В декабре 1923 года внезапно заболевает двадцатилетний Реймон Радиге. В тяжелом бреду и ознобе лежит он в гостинице «Фойо» на рю де Турнон. Обожавший его Жан Кокто в ужасе; его личный врач пытается отпоить больного грогом, но все напрасно. Тогда он обращается за помощью к Коко – нельзя ли пригласить к больному профессора Далимье? Медицинское светило тут же спешит к больному и выносит приговор: тиф в последней стадии. Увы, помочь нельзя было ничем, и на рассвете 12 декабря, в полном одиночестве, больной умер. Жан в прострации – он не хочет видеть своего друга мертвым и, вернувшись в квартирку своей матери, захлебывается от рыданий на маленькой медной кровати… Он также будет не в состоянии прийти на похороны, как это сделали Пикассо, Мися, Габриель и чернокожие музыканты из «Быка на крыше», которым так часто приходилось видеть этого «маленького человечка», как они его называли…
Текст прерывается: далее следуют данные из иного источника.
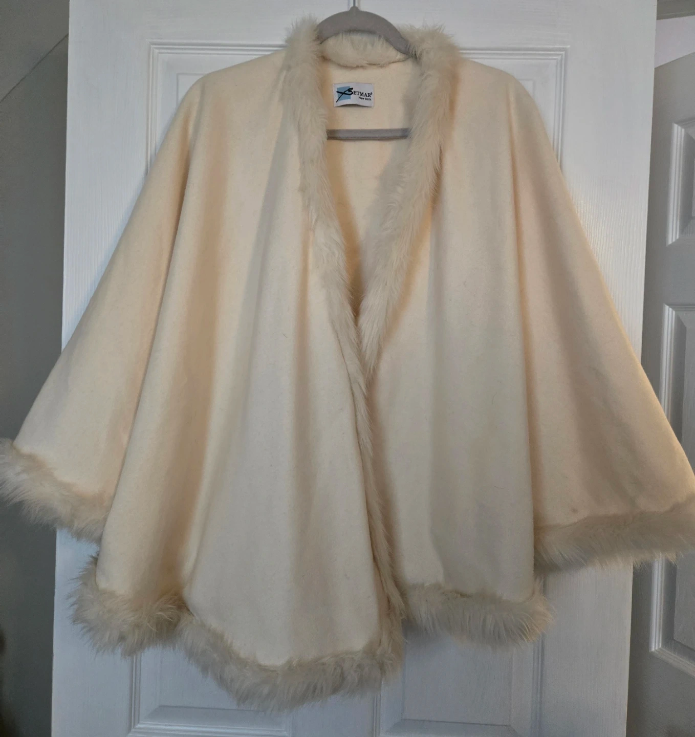 Elegant cream cape by Betmar. Features a soft faux fur trim around the neckline and hem. It's perfect for adding a touch of warmth and style to any outfit. Offers a comfortable, one-size-fits-most silhouette.

Коко долго упрекала Жана Кокто за то, что тот не пришел проводить друга в последний путь.
Строгая к себе самой и наделенная железной волей, она была не способна понять малейшей слабости в другом. В церкви Сент-Оноре-д'Эйло гроб с телом автора «Дьявола во плоти» поместили в поперечный неф; он был весь обит белой тканью, поскольку покойный не успел достигнуть совершеннолетия, и на крышку был возложен букет алых роз; также белыми цветами был целиком убран катафалк, белыми были чепраки коней и колесница, которая везла гроб до кладбища Пер-Лашез.
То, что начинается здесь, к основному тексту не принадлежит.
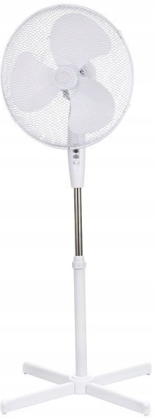 Напольный вентилятор белого цвета диаметром 40 см, в комплекте пульт дистанционного управления. Тип защитной сетки: линейная, три скорости воздушного потока, имеет функцию вращения и регулируемый угол наклона. Мощность двигателя: 50 Вт. Высота веера регулируется в диапазоне: 111-128 см.

Все огромные расходы по волнительной скорбной церемонии взяла на себя Габриель – возможно, напрасно она это не афишировала, потому что слова благодарности достались ее польской подруге…
Но Кокто прекрасно знал, кто в действительности явил такую щедрость. Храня верность в дружбе, он часто вспоминал о том. Так, например, когда в 1934 году в Театре комедии на Шанз-Элизе решили поставить «Адскую машину», Луи Жуве упрямо настаивал на том, чтобы заказ на костюмы и бижутерию был отдан мадам Ланвен, с которой он активно сотрудничал. Он даже убедил ее начать работы. Но Кокто на этот раз не дал ни малейшей слабины и настоял на том, чтобы заказ достался Коко Шанель:
– Вы как это себе представляете! – сказал он постановщику. – Коко Шанель снабжает меня роскошными материалами и бижутерией на многие тысячи франков, а я ей: «Больше в ваших услугах не нуждаюсь»? Этого вы, что ли, от меня хотите?
Но понадобились длительные переговоры с Жуве, чей характер был отнюдь не подарок, чтобы костюмы и бижутерия были поручены именно Шанель. Эскизы для них были созданы Кристианом Бернаром.
И не кому иному, как чувствительному, интуитивному Кокто, прекрасно знавшему Габриель, суждено было оставить один из самых точных ее портретов. Коко, по его словам, «со своими вспышками гнева, приступами злости, баснословными драгоценностями, своими творениями и своими причудами, своими крайностями и своими любезностями, как и своим юмором и своими щедротами, слагается в уникальную личность – привлекательную, притягивающую – и в то же время пугающую, чрезмерную… но в конце концов человечную!»

7
ГЕРЦОГ ВЕСТМИНСТЕРСКИЙ

Лондон, 13 октября 1924 года. Многочисленные читатели газеты «Стар» и в частности те, кто интересовался частной жизнью английских аристократов, были заинтригованы следующими анонимными строчками:
«Ныне много говорят о будущем одного герцога, не менее важного, чем иные особы, заполняющие хронику хитросплетением своих супружеских дел. Весьма осведомленные лица утверждают, что новой герцогиней будет красивая и блистательная француженка, руководящая большим парижским Домом мод».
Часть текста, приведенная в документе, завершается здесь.